“A costo di essere l’unica voce fuori dal coro “a lupo a lupo” contro il “cattivo” Ministro Passera che non vuole l’aeroporto di Pisticci, ma devo rilevare che anche il sindaco di Pisticci Di Trani entra a far parte del coro e, come l’assessore Viti e il presidente della Cciaa di Matera Tortorelli, dimostra di non aver capito e forse nemmeno letto il piano aeroporti del Ministro, accodandosi alle dichiarazioni di confusione ed allarmismo. Mischiando questioni molto diverse tra loro – Tribunale (per la difesa del quale agli atti c’è solo una mia mozione, approdata in Consiglio dopo l’unificazione con altre sui Tribunali di Melfi e Lagonegro, contenente la sollecitazione ad un’azione comune in difesa di tutti e tre gli uffici giudiziari lucani a rischio e un’ipotesi di soluzione) e scalo aeroportuale – il sindaco rinuncia a fare quello che il Piano Passera prevede per Regioni e Comuni, vale a dire attivarsi in prima persona, in sintonia con la Regione e il Consorzio Asi, per accelerare il completamento e predisporre gli atti amministrativi, tecnici da presentare all’Enav per consentire i voli. Troppo facile prendersela con una “classe politica sorda alle istanze del territorio“ come se il primo cittadino di Pisticci appartenesse ad un’altra classe politica, non avesse referenti di partito (di maggioranza) alla Regione, pensando forse che da Pisticci sarà possibile volare su Marte. Ma sono certo che alla lunga il populismo viene scoperto dalla gente che, se non altro, gli chiederà conto del suo operato". E' quanto dichiara il consigliere regionale Idv, Nicola Benedetto.
"Se la questione sarà affrontata nei reali aspetti e con l’attivazione solo di voli per Roma e Milano - conclude Benedetto - con le caratteristiche di aeroporto di terzo livello, non mi pare ci possano essere problemi insuperabili e tanto meno che il Ministro Passera o altri possano opporre pregiudiziali o dinieghi”.
LATRONICO PROMETTE INTERESSE - “Alla ripresa dei lavori parlamentari, insieme al sen.
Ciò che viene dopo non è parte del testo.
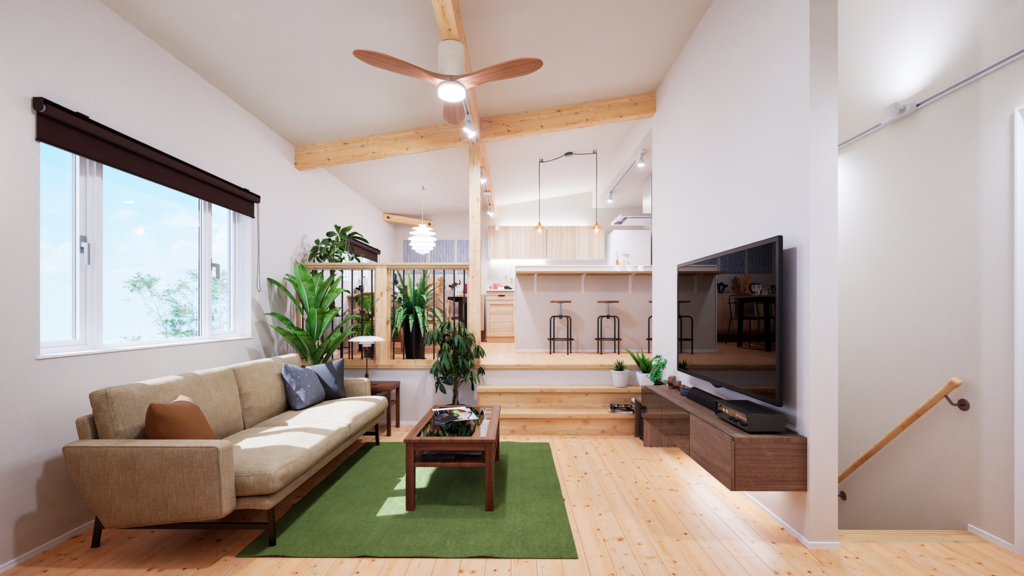 &ROSEは、スキップフロアが家族をつなぐやさしくてあたたかな家です。

Guido Viceconte e all’on. Vincenzo Taddei, incontreremo il ministro Corrado Passera perché il progetto di realizzazione di un aeroporto di terzo livello a Pisticci, rifunzionalizzando la vecchia pista Mattei, si completi e vada in esercizio a servizio della domanda turistico alberghiera della costa e dell’esigenza di mobilità del territorio regionale”. Lo ha dichiarato il senatore del Pdl, Cosimo Latronico. “Speriamo che i ritardi che fino ad ora si sono accumulati per varie ragioni non compromettano la concreta attivazione di una infrastruttura che e' costata non pochi investimenti pubblici impiegati fino ad oggi e che ha rappresentato un’aspettativa concreta per cittadini e per gli operatori per unire la Basilicata ai circuiti nazionali ed esteri riducendo il deficit infrastrutturale che condiziona negativamente lo sviluppo della regione”.
STELLA: "NESSUNA SOBILLAZIONE" - “Preoccuparsi del futuro di questa provincia, mantenere alta l’attenzione per non perdere ulteriori presidi non significa fare allarmismo, ma rispondere al compito istituzionale a cui siamo stati chiamati: difendere il territorio.” Il presidente della Provincia di Matera, Franco Stella, interviene sulla questione Pista Mattei e sottolinea come tutti gli interventi che si sono susseguiti in questi ultimi giorni: “hanno inteso puntare i riflettori su quella che potrebbe rivelarsi l’ennesima spoliazione.”
“Sono certo che nessuno ambisca a ricoprire il ruolo del sobillatore né tantomeno del populista, figure che mal si conciliano con l’autorevolezza di cui devono essere portavoce le istituzioni. Ritengo evidente, invece, che nessuno abbia gli elementi oggettivi per negare che questo territorio sia oggetto di una operazione di smantellamento che si amplifica di ora in ora. A partire dalla Banca di Italia – ha sottolineato Stella – è stato un crescendo di azioni che sinceramente non leggo come riformatrici e ottimizzatrici, ma al contrario come delegittimanti. Dove sono gli atti concreti, quelli capaci di rilanciare un territorio? La politica tutta, al di là delle logiche partitiche, di maggioranza e di minoranza, deve dimostrare coesione nell’unico interesse che giustifica il proprio operato: i cittadini.”